Tantrums as Status Symbols (2005) - networked
http://marginalrevolution.com/marginalrevolution/2005/08/tantrums_as_sta.html
======
Snargorf
It's not just tantrums. It's a huge variety of status-reinforcing behaviours
which symbolically or actually make the lower-status person uncomfortable in
favour of the higher-status person.

Even something like having an entrepreneur stand and present in front of a
group of seated money men. They sit in judgement of him, they are comfy and he
stands, they relax and he works and struggles to please them.

Or, when bosses make weird symbolic work demands that don't actually make
sense.
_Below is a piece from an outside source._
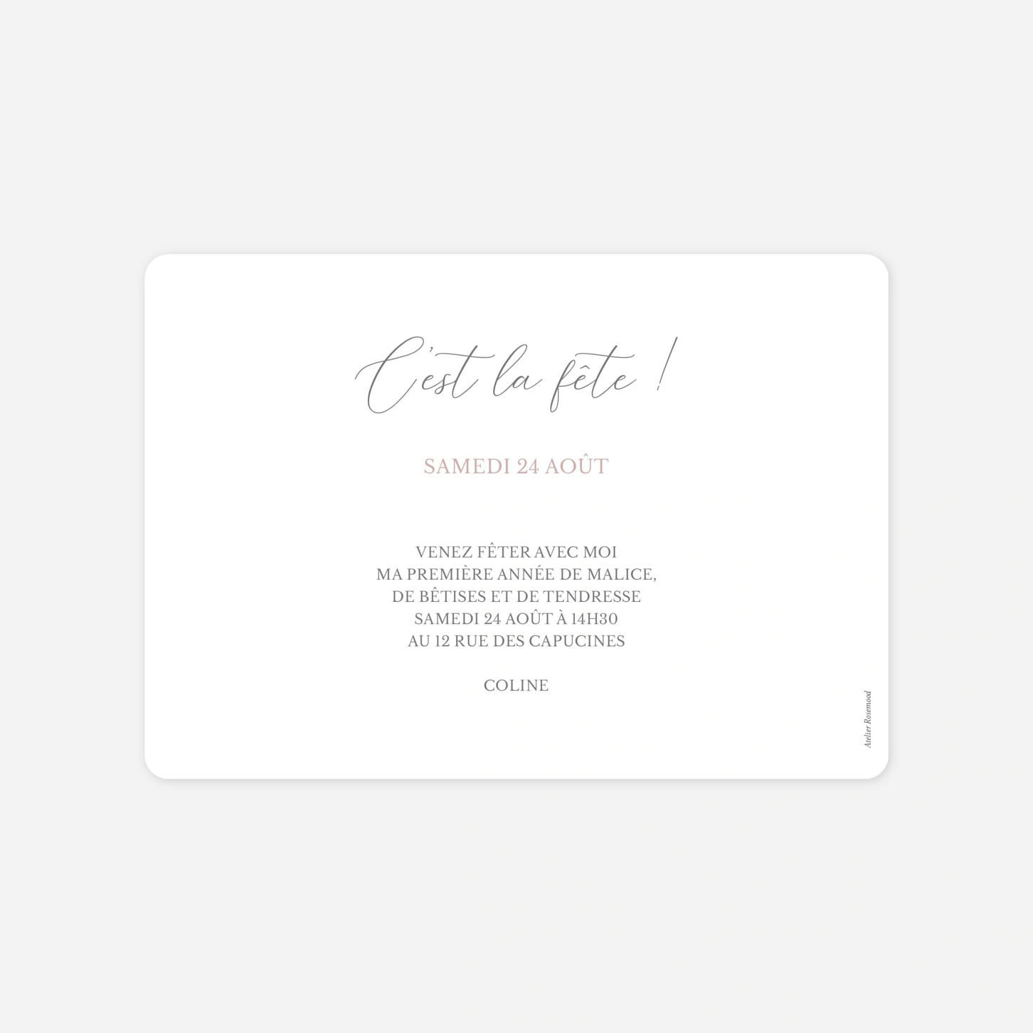 Célébrez la première année de votre enfant avec élégance grâce à l'invitation d'anniversaire « Petit collage ». Ce modèle délicat vous permet de réunir vos plus beaux souvenirs photographiques dans un pêle-mêle harmonieux, parfait pour convier vos proches à cet événement inoubliable. Nos créations sont conçues en interne au sein de notre atelier pour vous offrir une qualité d'impression haute précision sur des papiers premium. Personnalisez facilement votre texte et vos photos en ligne pour créer un souvenir unique qui restera gravé dans les cœurs.

Sometimes there's the idea that they're just looking out for the
product and are wrong about something, but there's also often an element of 'I
sense some disturbance in the status hierarchy so I'm going to make you do
this task we both know is useless just because I say so to remind you that I
can'.

Or 'I'm going to be unreasonable to demonstrate that I can'.

Or 'I'm not going to give this question the think-time it really needs; to
demonstrate my superior value I'll save myself five minutes while costing you
two days to remind everyone that I'm above you'.

A lot of this is subconscious. The people with the power don't always do it
intentionally, thinking "I'm going to signal status today." It's just what
feels good and intuitive to them, so they execute these status-signalling
behaviours without conscious intent.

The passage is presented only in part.